In recent years, psychiatric service providers across Massachusetts have struggled with payment issues. The reimbursement problem has forced many to revaluate their programs and in some cases, seek new strategies for maintaining quality care, especially for younger patients.
The latest to restructure its services is Cambridge Health Alliance, who on April 3, 2013, announced it would be integrating its child assessment unit with its adolescent assessment unit by the fall. The combined unit comes as a result of both economic realities and on-going societal perceptions.
“I think society has always been reluctant to know how to treat mental illnesses,” says Jay Burke, Ph.D., CHA’s chairman and chief of the department of psychiatry. “And safety net providers like us have had similar problems as other providers in the area with an unfortunate history of poor payments.”
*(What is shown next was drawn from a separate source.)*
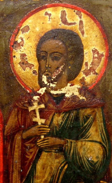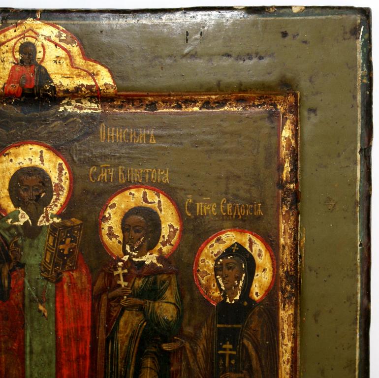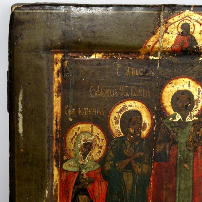 Икона "Святые мученица Фотиния, преподобный Алексий Человек Божий, мученик Виктор, апостол Онисим и преподобномученица Евдокия". Ковчег. Дерево. Левкас. Размер 35,5 х 30,6 х 3,5см.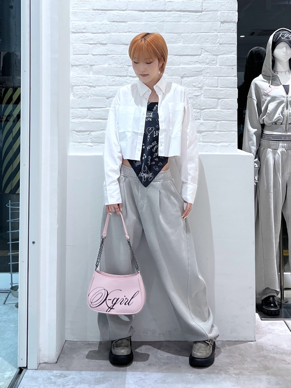 Emiru(XLARGE/X-girl新潟(X-girl))のショルダーバッグ「SPRAY SCRIPT LOGO SHOULDER BAG」を使ったコーディネート

After reviewing the two units, both of which have provided inpatient psychiatric care with 27 beds for ages 3-18, CHA decided to integrate the units to one combined Child & Adolescent Assessment Unit (CAAU). Set to open in October, the renovated unit would include16 beds for patients ages 8-18.
Citing inadequate payments “from all payers for these services,” CHA spokesman David Cecere says the integrated unit allows the organization to care for “the largest number of patients within the constraints of our limited resources.”
“We take great pride in offering behavioral health services to a significant spectrum of ages,” says Cecere. “This move is consistent with the state’s strategy to shift behavioral health care to outpatient, community settings close to where patients live.”
That move signals what Burke calls a proactive effort, one he hopes, in turn, will reduce the number of youth needing hospitalization. Most of the other units in the area, he says, already provide care in an integrated child and adolescent psychiatry unit.
CHA is one of the few acute care hospital in Eastern Massachusetts that still operates two separate units. Seventy percent of its child and adolescent psychiatry inpatients come from outside the area and only about 15 percent are CHA primary care patients.
“Eight percent of our child and adolescent inpatient psychiatry patients are under age eight while the staffing and permanent programmatic needs for this age group are substantial,” Cecere says. “The proposed 8-18 age range that the (new) integrated unit would serve accounts for more than 92 percent of the inpatient and child population we have cared for in the two units during the last two years.”
As CHA expands in other programs, it will maintain its partnerships with other community agencies for inpatient psychiatry services and outpatient psychiatric care, according to Burke. He says state programs have been effective and will continue to provide services that help reduce the need to hospitalize younger children.
“No one wants to reduce access to services,” Burke says. “CHA has maintained its commitment to serving the population within the means we’re provided by the payers, but we all need to advocate for adequate services for children and adults with any of these disorders.”